Tableau 3: Quelques hypothèses de recherche de Bareil (1997)

1. Les analyses structurelles confirment l’existence de sept phases de préoccupations.* Confirmée
3. Les phases de préoccupations évoluent dans le temps : affaissement des phases antérieures de préoccupation et augmentation des phases ultérieures au fur et à mesure de la mise en œuvre du changement.Partiellement confirmée
5. Les phases de préoccupations sont corrélées aux degrés d’adoption de l’innovation.* Confirmée

Le fait que l’hypothèse 3 soit partiellement confirmée impose quelques explications supplémentaires face aux résultats obtenus.

Ainsi, Bareil (1997) confirme l’évolution rapide de la plupart des phases de préoccupations dans le temps puisque les phases des préoccupations 1, 2, 3 et 6 ont significativement augmenté ou diminué d’intensité sur une période de 6 mois.

Seulement, le mouvement des phases 0, 4 et 5 ne s’est pas manifesté de façon significative dans le temps, bien que l’on puisse percevoir cette tendance dans les résultats.

Bien que l’hypothèse reste partiellement confirmée, Bareil (1997) maintient tout de même l’effet de mouvement, semblable à celui d’une vague, dans les réactions et les préoccupations des destinataires du changement, au fur et à mesure que la mise en œuvre progresse.

En somme, Bareil (1997) démontre l’existence d’une structure logique en sept phases de préoccupations telle que proposée originalement par Hall et Hord (1987).

Cette confirmation rend ainsi possible le diagnostic des réactions des destinataires, via une grille d’analyse complète, valide et conviviale, au fur et à mesure qu’ils vivent le changement organisationnel.
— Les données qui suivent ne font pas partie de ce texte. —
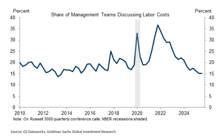 決算説明会にて、労働コストについて言及する企業は、わずか15%にまで低下している。言及する時は、大抵、労働コストが上昇している時だ。労働コストが低下して、利益率が上昇していますなんて、口が裂けても言えない。

Ce diagnostic est important tant pour le destinataire qui y trouve une légitimité et une meilleure compréhension de ses propres réactions, qu’à toute autre personne responsable d’analyser et de venir en aide aux individus exposés à un changement organisationnel.

Aussi, l’évolution des phases dans le temps, bien que partiellement confirmée, peut constituer un référent intéressant permettant une conduite éclairée de la mise en œuvre du changement et proposant un rythme de changement adapté aux besoins des destinataires plutôt qu’à un calendrier rigide d’implantation.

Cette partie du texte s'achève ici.